Complex networks are graph-based representations used for data have substantial non-trivial topological features. The study of complex networks brought important properties such as the power-law degree distributions (L. A. Adamic et al., 2000) and Small World phenomenon (Milgram, 1967), which help us to understand the interaction among human being, the dissemination of information and intrusion detection (Newman, 2010).

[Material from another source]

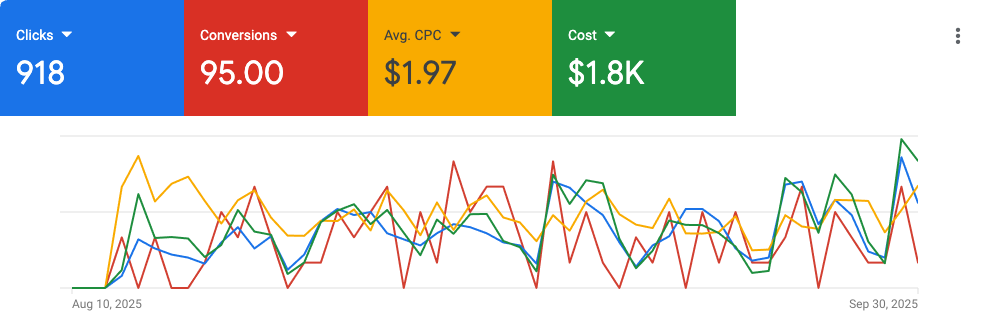 A new Google Ads account with strict medical keyword restrictions, low search volume, and a limited budget. Yet we achieved 95 conversions in only 45 days.

One of the most interesting task in network mining is link prediction, defined as: “Given a snapshot of a graph G, predict accurately which edges will appear in the near future of network.” (Liben-Nowell & Kleinberg, 2003). While in social network this definition is represented by “People you may know” feature, in online commerce this represents recommendations “Costumers who buy X tend to buy Y.” The question “How people get connected” is relevant not only in the context of social networks, but also in work social network inside companies (Paula, Appel, Pinhanez, Cavalcante, & Andrade, 2012).

Predicting interaction and collaboration among people in organizations can help manage companies in a productive way. The task of recommending unknowns but “similar” people is quite different from possible friend recommendation tasks, which focus on recommending individuals who have friends in common (Guy, Ur, Ronen, Perer, & Jacovi, 2011). In the context of organizations, introducing people with similar skills, profiles or common interests can be valuable for employees in many ways. For instance, searching for people with similar skills can facilitate issues related to problem solving. Through networking, people are able to offer advice to one another and help each other out with new projects or career development (Burke, Marlow, & Lento, 2010).

Weights and directions in networks have, with some exceptions (Akoglu, McGlohon, & Faloutsos, 2010), received relatively little attention, meaning that all connections in the network have the same importance, which is not true. An excellent reason for this is that the simple cases are usually investigated first (unweighted networks), before moving on to more complex ones (weighted networks). On the other hand, there are many cases where edge weights are known for networks, and to ignore them is to throw out a lot of data that might help us to understand these systems better. For instance, in a social network not all connections (friends) have the same importance; weights might indicate the strength of a relationship. The same happens with direction. In some social networks, such as Facebook, reciprocity is common, but in others, such as Twitter, this is not true and this should not be ignored.

Key Terms in this Chapter

Simple Graph: Undirected graph that has no loops (edges connected at both ends to the same vertex) and no more than one edge between any two different vertices.

World Wide Web: Abbreviated as WWW or commonly known as the Web, it is a system of interlinked hypertext documents accessed via the Internet.

Community Detection: Group of nodes from network that can be easily grouped into (potentially overlapping) sets of nodes densely connected internally.

Link Analysis: Data-analysis technique used to evaluate relationships (connections) between nodes.

Directed Network: network or set of nodes connected by edges having directions associated to each edge.

Small World: Tendency for individual elements in a large system to be separated from any other element in the system by only a few steps (a.k.a. “six degrees of separation”).

Weighted Network: Network with weights assigned to ties among nodes.